IEEE Trans Image Process. 2023;32:3521-3535. doi: 10.1109/TIP.2023.3286708. Epub 2023 Jun 29.
Inspired by Active Learning and 2D-3D semantic fusion, we proposed a novel framework for 3D scene semantic segmentation based on rendered 2D images, which could efficiently achieve semantic segmentation of any large-scale 3D scene with only a few 2D image annotations. In our framework, we first render perspective images at certain positions in the 3D scene. Then we continuously fine-tune a pre-trained network for image semantic segmentation and project all dense predictions to the 3D model for fusion. In each iteration, we evaluate the 3D semantic model and re-render images in several representative areas where the 3D segmentation is not stable and send them to the network for training after annotation. Through this iterative process of rendering-segmentation-fusion, it can effectively generate difficult-to-segment image samples in the scene, while avoiding complex 3D annotations, so as to achieve label-efficient 3D scene segmentation. Experiments on three large-scale indoor and outdoor 3D datasets demonstrate the effectiveness of the proposed method compared with other state-of-the-art.

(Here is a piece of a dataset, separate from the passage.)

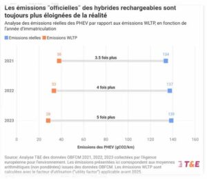 Cette dernière a analysé les émissions réelles de ces véhicules, constatées grâce à des dispositifs embarqués sur 127 000 hybrides rechargeables immatriculées en 2023. Elle les a comparées aux résultats des tests d’homologation officiels (dits norme WLTP). « L’analyse des données de l’Agence européenne pour l’environnement […] montre que les véhicules hybrides rechargeables immatriculés en 2023 émettent en moyenne 139 g de CO₂ par kilomètre. En comparaison, les tests officiels WLTP parviennent à des émissions de 28 g de CO₂ par kilomètre », constate-t-elle.
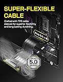 【GEN5 X16, 128 GB/s】 PCIe 5.0 delivers up to 64 GB/s unidirectional and 128 GB/s bidirectional bandwidth, Future-proof and ready for RTX 5090, 4090, and RX 9000/7000 series.Fully backward-compatible with PCIe 4.0/3.0/2.0/1.0. 【 6-LAYER PCB & FULL-LANE SHIELDING 】 Individually wrapped high-speed lanes inside a 6- layer board crush crosstalk and EMI, keeping data errors ultra-low to stop black screens and random crashes. 【 ULTRA-FLEX TPE CABLE 】–Premium TPE jacket bends sharply without kinks, perfect for tight ITX builds or showcase vertical mounts while resisting wear and tear. 【 REINFORCED METAL SLOT & PRECISION COPPER CONTACTS 】Metal shell blocks external interference, while tight tolerance copper pins lock in rock-solid connections—even under heavy GPUs—eliminating intermittent signal drop-outs 【 CHOOSE YOUR PERFECT FIT】 Available in 200mm and 300mm lengths with 90° and 180° connector options, this flexible PCIe 5.0 riser cable is ideal for clean, efficient vertical GPU setups. 【Universal Fit & Case Guide】 Adjustable 103.5-130.5mm slotted base natively fits 7000D Case. Recommended 200mm for Mid-Towers (O11 Vision, H6/H7/H9, North, King 95) and 300mm for Full-Towers (NV7/NV9, Hyperion).

受主动学习和 2D-3D 语义融合的启发,我们提出了一种新颖的基于渲染 2D 图像的 3D 场景语义分割框架,仅用少量 2D 图像标注即可高效实现任意大规模 3D 场景的语义分割。在我们的框架中,我们首先在 3D 场景中的某些位置渲染透视图像。然后,我们不断微调用于图像语义分割的预训练网络,并将所有密集预测投影到 3D 模型进行融合。在每次迭代中,我们评估 3D 语义模型并在几个代表性区域重新渲染 3D 分割不稳定的图像,并在标注后将其发送到网络进行训练。通过渲染-分割-融合的迭代过程,可以有效地生成场景中难以分割的图像样本,同时避免复杂的 3D 标注,从而实现高效的 3D 场景分割。在三个大规模室内和室外 3D 数据集上的实验表明,与其他最先进的方法相比,所提出的方法具有有效性。